イージス護衛艦「あしがら」誕生

Odakyu Ramance-car EMU type7000

8月は結局ずっとパソコンが使えなかったので、バタバタしてしまって書きそびれたのだが・・・
私の誕生日であった8月30日、三菱長崎でいわゆる「15DDG」、「あたご」型護衛艦の2番艦となるイージスDDGが進水し、命名式が執り行われた。
事前に各方面でいろいろ憶測が飛び交っていた注目の艦名だが、なんと大方の予想を裏切って「あしがら」に決定。軍艦というのは基本的に伝統の艦名を踏襲し命名されるケースが多く、それでも近年新たな人名をどんどん採用するアメリカ海軍などと違い、海自ではほとんど新規の命名はなく*1、旧海軍の艦名の2代目、なかには3代目の襲名をする例もある。奥羽本線経由の青森行き寝台特急として今も健在の「あけぼの」は、明治時代帝国海軍最初の駆逐艦となる雷型3番艦、昭和初期のいわゆる特III型駆逐艦である暁型3番艦に続いて、現在のDD108「あけぼの」で3代目。

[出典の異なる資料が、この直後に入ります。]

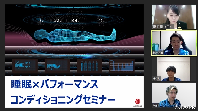第一部では、プロバイダーとして日本代表をサポートしてくださっている西川株式会社様による「睡眠とパフォーマンスのコンディショニングセミナー」を、第二部では今後のサッカーe日本代表活動に関する共有とディスカッションを実施しました。サッカーe日本代表選手として、Web Nasri選手(PlayStation®4部門)、fantom選手(Xbox One部門)およびリザーブメンバーのAgu選手が参加しました。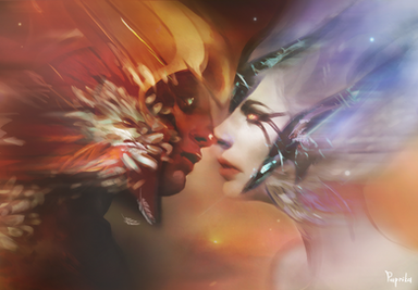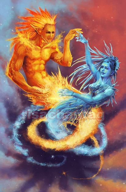 When I saw this I thought f Star Wars The Clone Wars episode when Ahsoka, Obi Wan, and Annie land on a very powerful, strong-in-the-force planet. There was an old man and he had a Daughter: Light/Day Son: Darkness/Evil. Except this particular piece of art looks like they're married. I don't know. That's just my opinion. Excellent work! ;D

▲EF65PF牽引で山形経由だった頃の寝台特急「あけぼの」
「あしがら」は旧海軍のいわゆる条約形重巡妙高巡洋艦の3番艦「足柄」に続いて、2代目の命名ネームシップの「妙高」が先に「こんごう」型の3番艦で採用されているので、遅れを取ってしまったが、おかげでヘリ甲板を備えた最新鋭イージス艦に生まれ変わることができた。
旧海軍と異なり、漢字を使用せずすべて平仮名書きの艦名としてしまった海自では、表記は「あしがら」となるが、この字面で思い出すのは当然小田急ロマンスカー。実は旧海軍―海自の艦艇名と列車名というのは共通しているものが多く、両方好きだとこれをオカズに結構楽しめてしまうのだが、なかでも小田急の特急列車は軍艦の名前の宝庫。「あしがら」を筆頭に「あさぎり」、「さがみ」と3種を擁する。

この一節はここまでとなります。